Valuations dropping
It’s been tough for real estate, said Raimondo Amabile, co-CEO and global chief investment officer at PGIM Real Estate.
The asset class saw valuation decreases anywhere between 20% and 25% since mid-2022, with office as the worst-performing asset class, Amabile said.
Valuation declines were mainly driven by the rise in interest rates, which PGIM executives call the “big market reset,” he said.
PGIM’s worldwide real estate AUM dipped by 1.2% to $128.2 billion as of June 30, ranking third overall behind $132.9 billion MetLife Investment Management, whose AUM dropped 1.6%, and $130.1 billion Nuveen, whose AUM fell by 7.3% during the 12-month period.
PGIM’s AUM managed for U.S. institutional tax-exempt clients was also down by 5.5% to $60.7 billion as of June 30, placing it in the second spot on P&I’s rankings.
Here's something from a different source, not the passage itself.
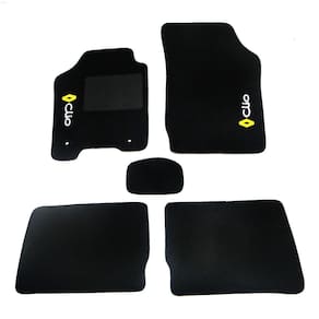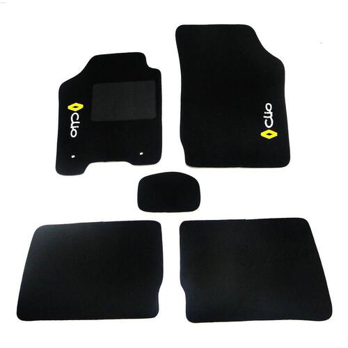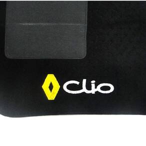 Jogo de Tapete Automotivo Clio Carpete Com a Base Pinada Jogo de tapete linha elithe carpete com espessura de 5mm na cor preta com base antiderrapante em pvc pinado. Bordado com a grafia e nome, lavável. Jogo com 5 peças.

Nuveen is in the top position even though its AUM managed for U.S. tax-exempt institutions dropped by 6.8% to $94.5 billion.
“We believe we are at a turning point in the market,” Amabile said. For instance, people are moving back to city centers after leaving during the height of the COVID-19 pandemic, he said.
Real estate values have dropped significantly and now some investors see real estate “as a growth story because the market is turning,” he said. In the past 12 months, investors were more interested in real estate credit.
But the asset class isn’t completely in the clear yet.
Even before the Fed cut interest rates, some transactions started coming back in the second quarter, Amabile said.
“It’s still pretty depressed,” he said. “There was a 10% increase in transaction volume but there’s quite a lot to go.”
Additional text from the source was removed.